Bug 1025476

Summary: All glusterfsd processes crashed when one of the node went down two times in succession and while renames were happening
Product: Red Hat Gluster Storage Reporter: M S Vishwanath Bhat <vbhat>
Component: glusterfsAssignee: Venky Shankar <vshankar>
Status: CLOSED ERRATA QA Contact: Vijaykumar Koppad <vkoppad>
Severity: high Docs Contact:
Priority: high    
Version: 2.1CC: amarts, bbandari, grajaiya, mzywusko, vbellur, vkoppad
Target Milestone: ---Keywords: ZStream
Target Release: ---   
Hardware: All   
OS: Linux   
Whiteboard:
Fixed In Version: glusterfs-3.4.0.39rhs Doc Type: Bug Fix
Doc Text:
Story Points: ---
Clone Of: Environment:
Last Closed: 2013-11-27 15:45:32 UTC Type: Bug
Regression: --- Mount Type: ---
Documentation: --- CRM:
Verified Versions: Category: ---
oVirt Team: --- RHEL 7.3 requirements from Atomic Host:
Cloudforms Team: --- Target Upstream Version:

Description M S Vishwanath Bhat 2013-10-31 19:04:46 UTC
Description of problem:
glusterfsd  processes crashed (all the bricks which are on-line) when one of the node went down second time. The same node went down once and after coming back online, it was online for about an hour. Then when the node went down again, all the brick processes crashed.

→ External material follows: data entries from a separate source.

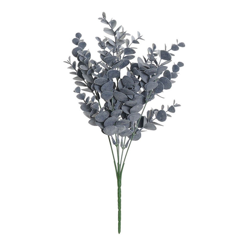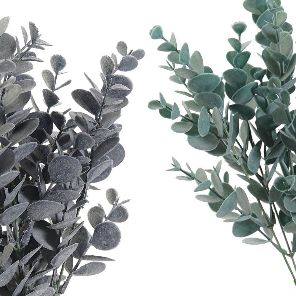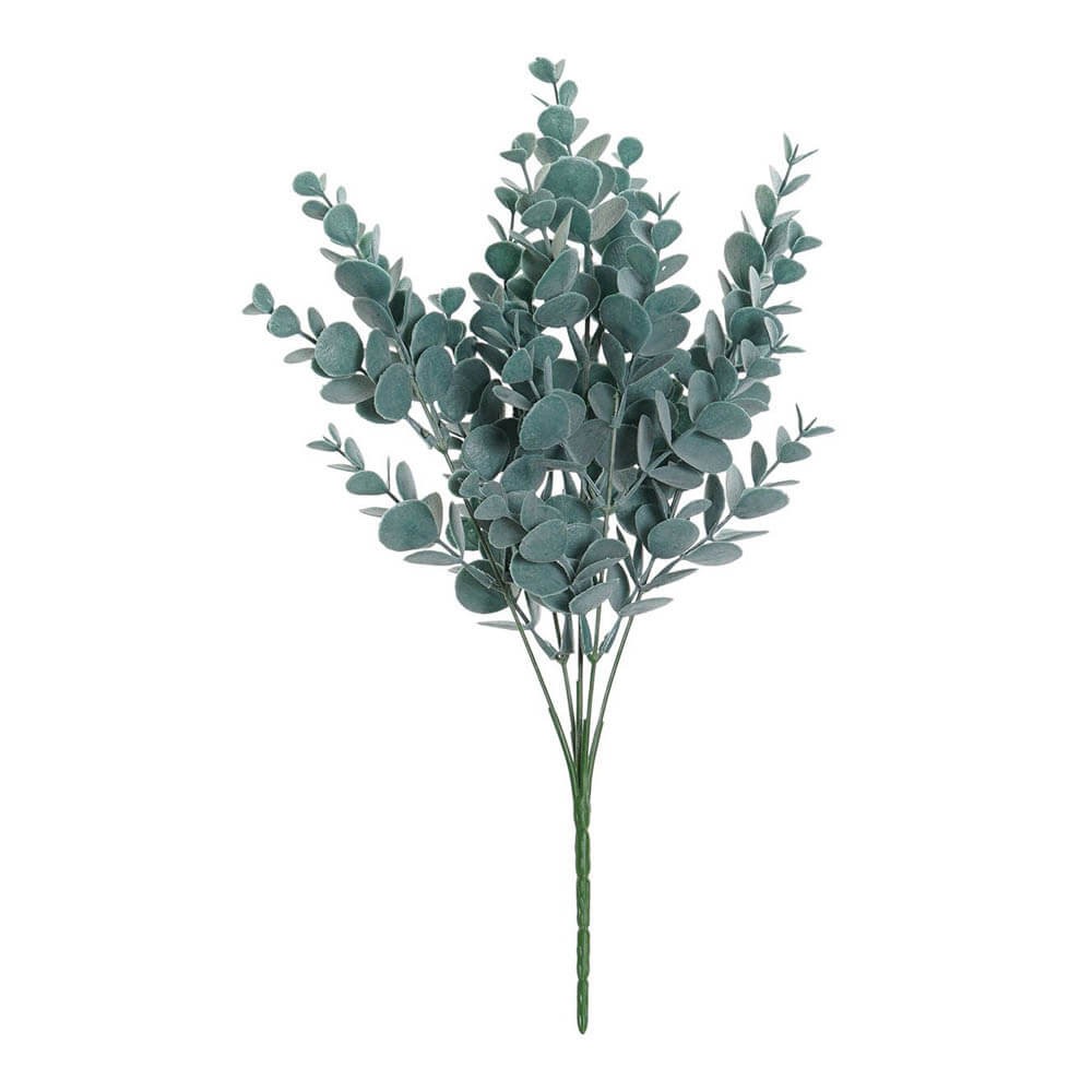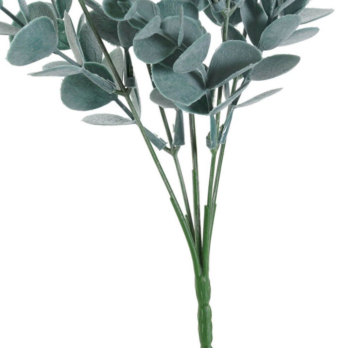 El ramo esta compuesto por varios ramas de eucalipto artificial con hojas de color verde o verde musgo, fabricado en hierro recubierto de polietileno resistente.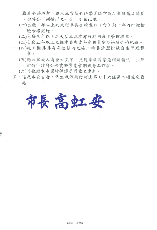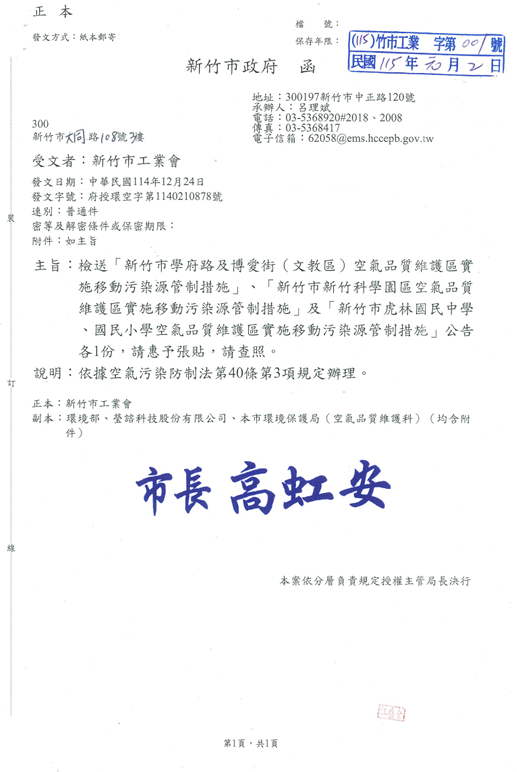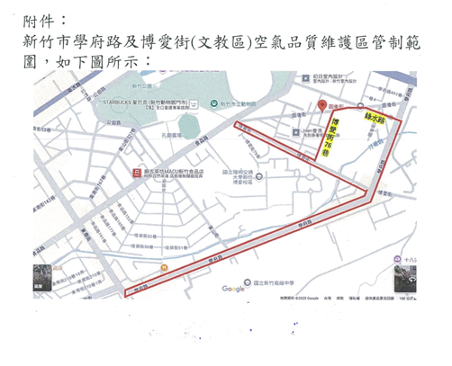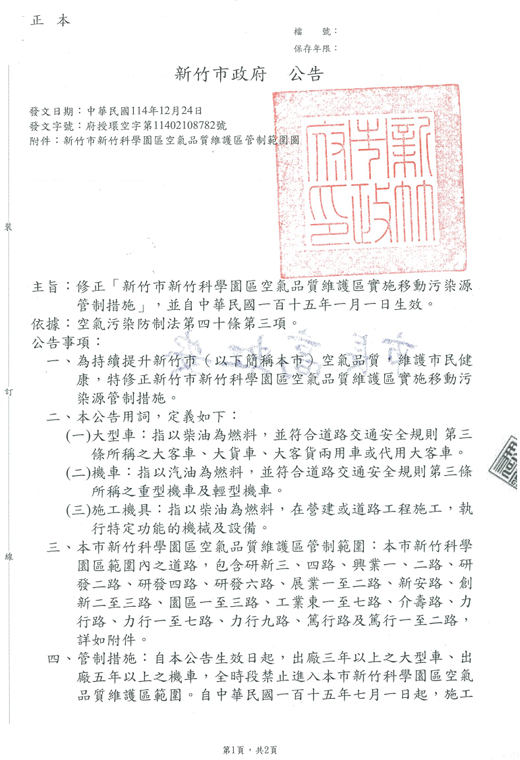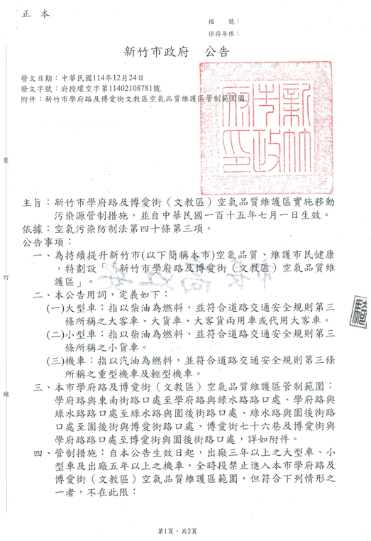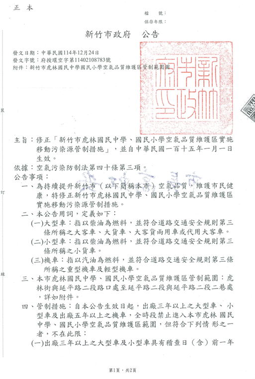 檢送「新竹市學府路及博愛街(文教區)空氣品質維護區實施移動污染源管制措施」、「新竹市新竹科學園區空氣品質維護區實施移動污染源管制措施」及「新竹市虎林國民中學、國民小學空氣品質維護區實施移動污染源管制措施」公告各1份,請惠予張貼,請查照。 2026.01.02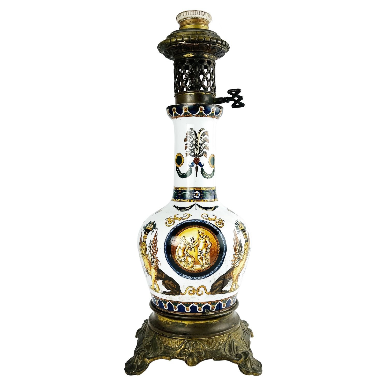 Par de lámparas europeas en cerámica decorada «ángeles y dragones», con bases y monturas en bronce. Alto 40 cm.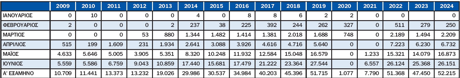 Αναλυτικά στοιχεία για τις αφίξεις επιβατών διεθνών πτήσεων στον Αερολιμένα «Καπετάν Βασίλης Κωνσταντακόπουλος» παρουσιάζονται στον πίνακα: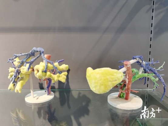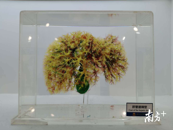 这里是肝管道铸型,绿色的东西代表着胆囊,肝脏每天分泌胆汁,会先储存在胆囊里。如果我们不吃早饭,胆汁就会越积越多,对肝非常不好哦~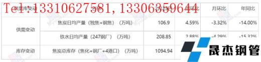 目前無縫厚壁鋼管廠家利潤尚可,對于焦價有包容空間;但近日鋼坯價格接連下跌,無縫厚壁鋼管廠家利潤逐步收縮,若鋼價繼續下跌,焦炭上漲,無縫厚壁鋼管廠家利潤收到擠壓,無縫厚壁鋼管廠家很難再接受焦炭漲價,畢竟焦炭的供應也并非特別緊張。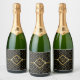 FAUX Gold Geometric Pattern with Monogram on BLACK Sparkling Wine Label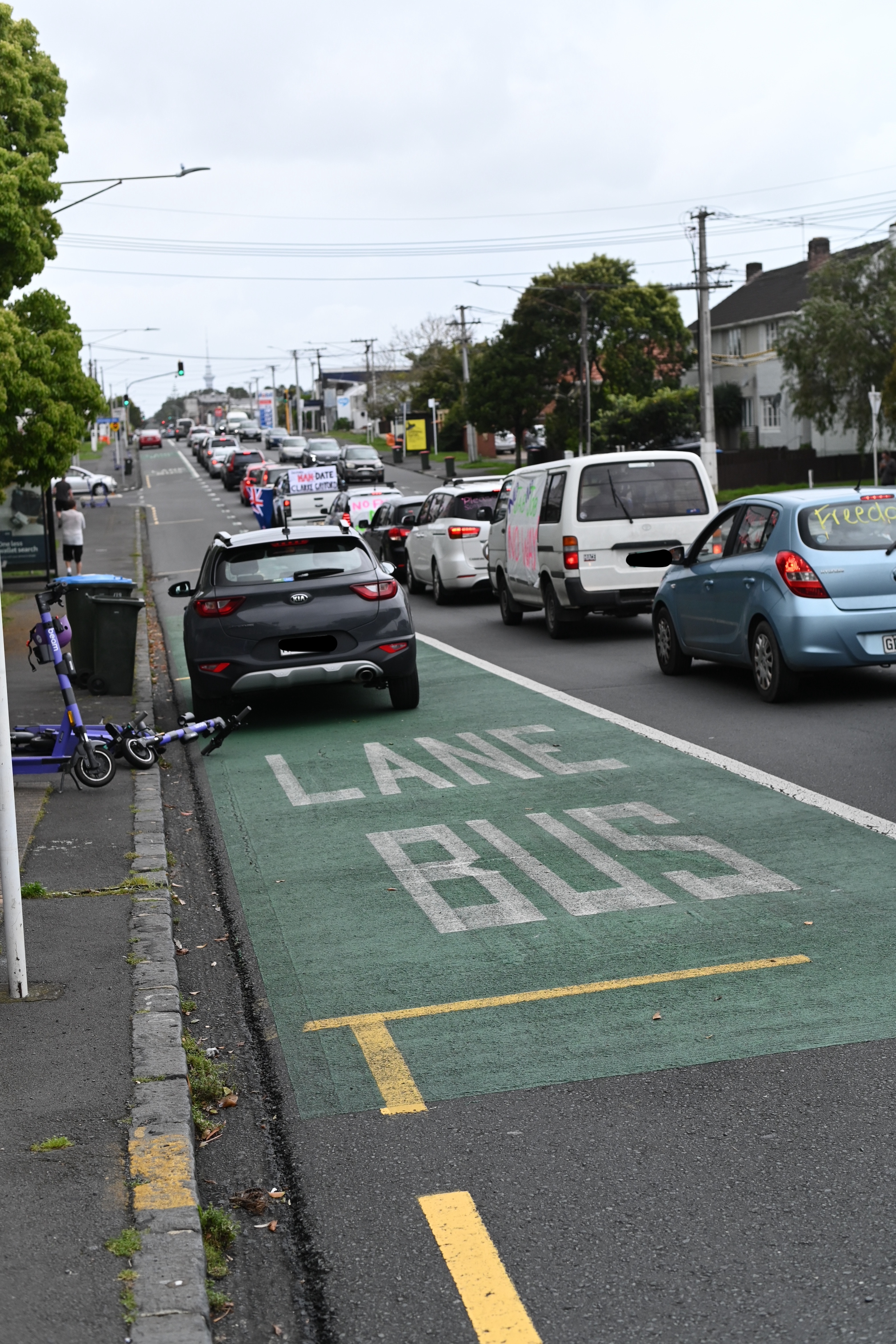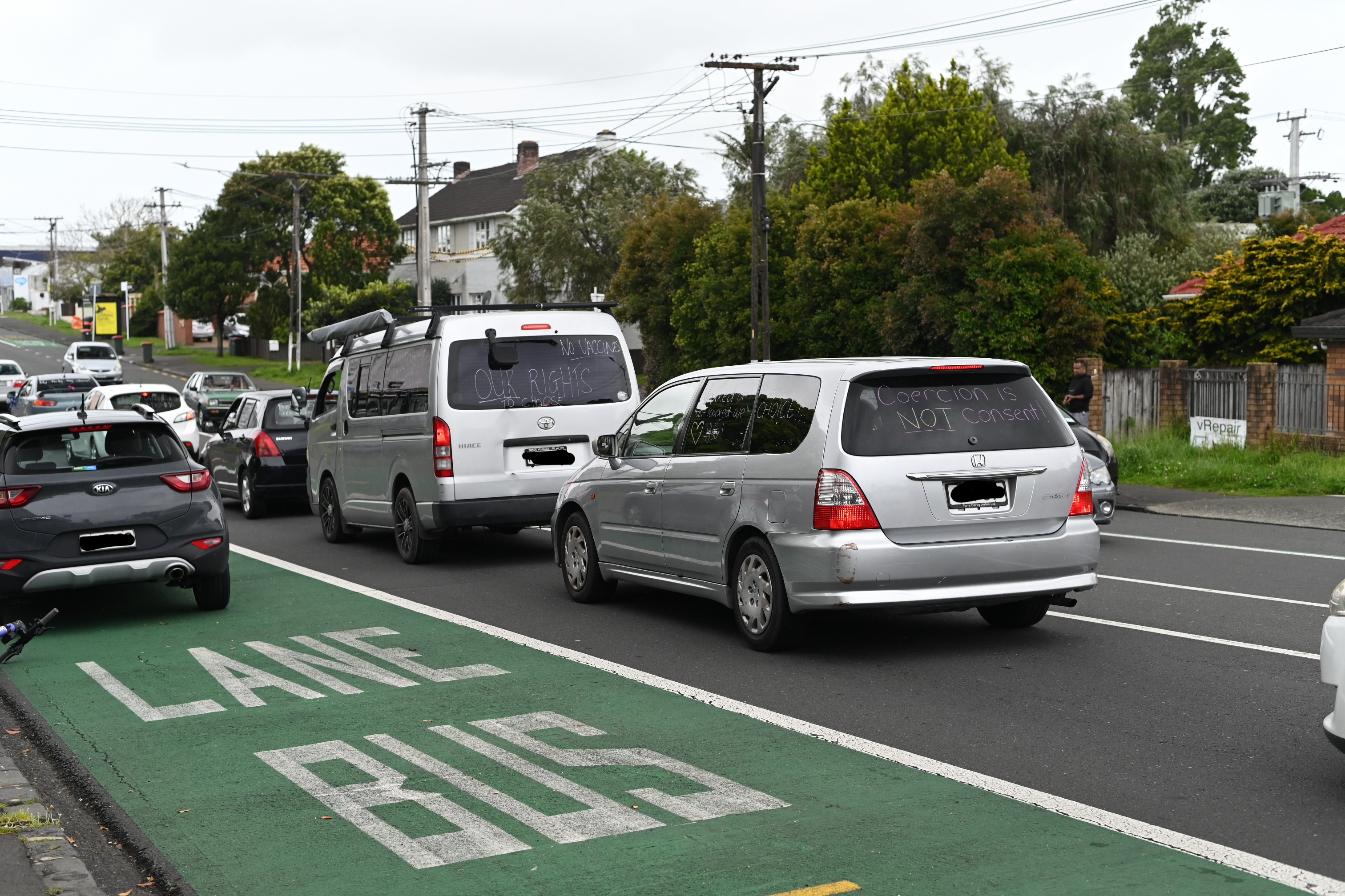 People protesting against recent vaccine mandates slowed traffic on Auckland’s Dominion Rd to a crawl this afternoon.

Version-Release number of selected component (if applicable):
glusterfs 3.4.0.37rhs built on Oct 30 2013 14:34:21


How reproducible:
Not sure. It just happened while I was testing geo-rep with lot of renames and one one down.

Steps to Reproduce:

Will add steps after making sure some of the things. Will add it as a comment.

Actual results:
3 glusterfsd processes crashed.


Expected results:
No crash

Additional info:


Back trace from the logs.

[2013-10-31 18:04:56.897575] I [server-handshake.c:569:server_setvolume] 0-master-server: accepted client from harrier.blr.redhat.com-2292-2013/10/31-18:04:56:819148-master-client-3-0 (version: 3.4.0.37rhs)
[2013-10-31 18:45:12.201727] W [posix-helpers.c:788:posix_handle_pair] 0-master-posix: Extended attributes not supported (try remounting brick with 'user_xattr' flag)
[2013-10-31 18:45:12.201775] E [posix.c:915:posix_mknod] 0-master-posix: setting xattrs on /rhs/bricks/brick3/network_shared/starting_gate.tmp failed (Operation not supported)
[2013-10-31 18:45:12.252969] W [changelog-helpers.c:321:changelog_local_init] (-->/usr/lib64/libglusterfs.so.0(default_setxattr+0x83) [0x3bf201ea13] (-->/usr/lib64/glusterfs/3.4.0.37rhs/xlator/features/access-control.so(posix_acl_setxattr+0x23d) [0x7f691f76687d] (-->/usr/lib64/glusterfs/3.4.0.37rhs/xlator/features/changelog.so(changelog_setxattr+0x67) [0x7f691f9710f7]))) 0-master-changelog: inode needed for version checking !!!
pending frames:
frame : type(0) op(0)

patchset: git://git.gluster.com/glusterfs.git
signal received: 11
time of crash: 2013-10-31 18:45:12configuration details:
argp 1
backtrace 1
dlfcn 1
fdatasync 1
libpthread 1
llistxattr 1
setfsid 1
spinlock 1
epoll.h 1
xattr.h 1
st_atim.tv_nsec 1
package-string: glusterfs 3.4.0.37rhs
/lib64/libc.so.6[0x3dbf832960]
/usr/lib64/glusterfs/3.4.0.37rhs/xlator/features/changelog.so(changelog_get_usable_buffer+0x0)[0x7f691f973be0]
/usr/lib64/glusterfs/3.4.0.37rhs/xlator/features/changelog.so(changelog_setxattr+0x73)[0x7f691f971103]
/usr/lib64/glusterfs/3.4.0.37rhs/xlator/features/access-control.so(posix_acl_setxattr+0x23d)[0x7f691f76687d]
/usr/lib64/libglusterfs.so.0(default_setxattr+0x83)[0x3bf201ea13]
/usr/lib64/glusterfs/3.4.0.37rhs/xlator/performance/io-threads.so(iot_setxattr_wrapper+0x142)[0x7f691f3361a2]
/usr/lib64/libglusterfs.so.0(call_resume+0x3ae)[0x3bf2031afe]
/usr/lib64/glusterfs/3.4.0.37rhs/xlator/performance/io-threads.so(iot_worker+0x158)[0x7f691f33dac8]
/lib64/libpthread.so.0[0x3dc0007851]
/lib64/libc.so.6(clone+0x6d)[0x3dbf8e894d]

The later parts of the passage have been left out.